How does host genome determine the microbiome?

Name of applicant

Jack Howe

Institution

University of Oxford, United Kingdom

Amount

DKK 1,831,485

Year

2020

Type of grant

Reintegration Fellowships

What?

Like all other animals, we carry trillions of bacteria in and on our bodies, collectively called the microbiome. These bacteria, however, are not just passive hitchhikers, and have profound implications for organismal health and function. They enable animals to exploit novel food sources, they influence animal behaviour and hibernation patterns, and associations with bacteria have been linked to the evolution of multicellular animals. Controlling the composition of the microbiota is therefore paramount. This project aims to establish how animals evolved to control which bacteria comprise the microbiome, and how those bacteria have evolved for a life with animals, by establishing a uniquely tractable model system for the study of host-microbiome interactions: the planarian flatworms.

Why?

The composition of the microbiome is determined by complex interactions between the host's genome and environment, as well as interactions among the many bacteria. While it is clear that the host's environment is important, the role of the host itself is still hotly debated. Unpicking the effects of each component is difficult, because manipulating one aspect inadvertently impacts all others.
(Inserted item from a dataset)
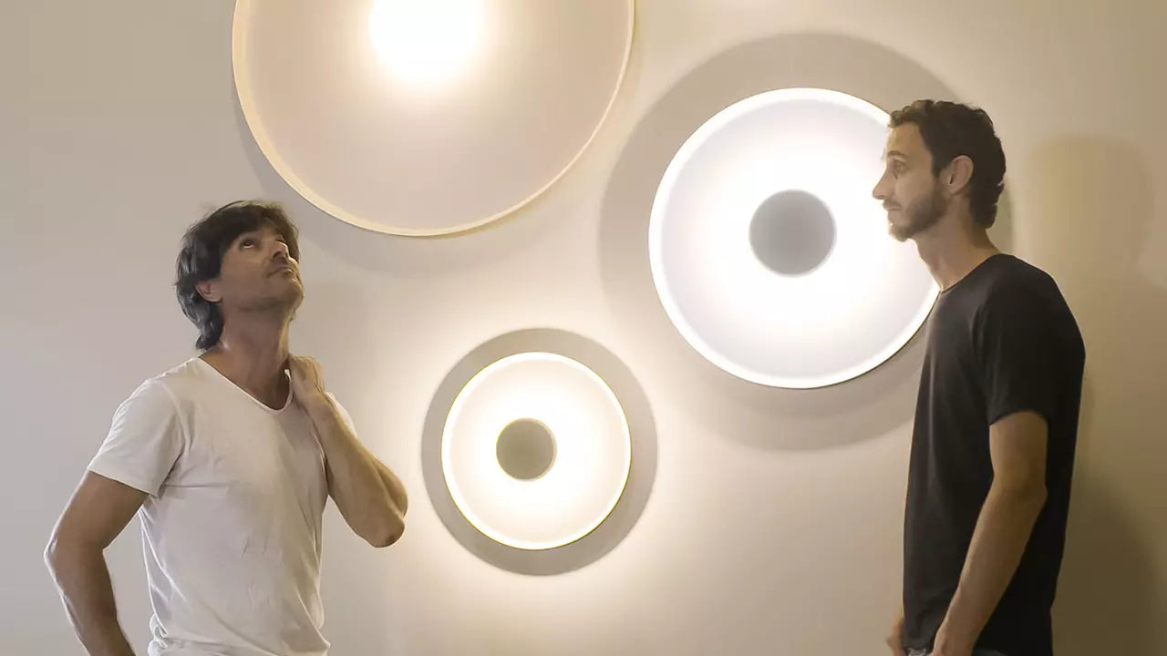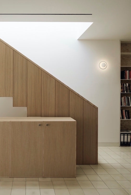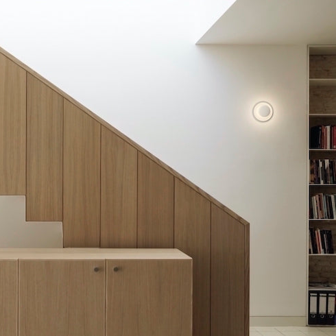 The Top is a re-imagining of the timeless ceiling rose. A pair of simple circles create a focal point with LED lighting source. Generating a uniform halo type effect with even indirect lighting and relaxing illumination. The ceiling light is made from aluminium and available in medium and large scale sizes, the latter is equipped with a glass diffuser that gives off a general direct style lighting.

The planarian flatworms, however, promise a novel approach for studying host-microbiome interactions that can resolve this impasse. They possess a unique stem cell system which confers them with remarkable regenerative abilities that, unlike other systems, enable manipulation of host-genotype in living animals and thereby isolation of the role of the host in determining the microbiome composition.

How?

This project will exploit the planarians' unique stem cell system, together with cutting-edge sequencing technologies, to isolate the role of the host genome in controlling the microbiome. By transplanting stem cells among individual worms, we will transform the genetic identity of the host around their microbiome and follow how this affects the bacteria that comprise it. We will complement this by constructing artificial planarian microbiomes and testing how this affects worm traits-their ability to fight infections, or to adapt to novel conditions.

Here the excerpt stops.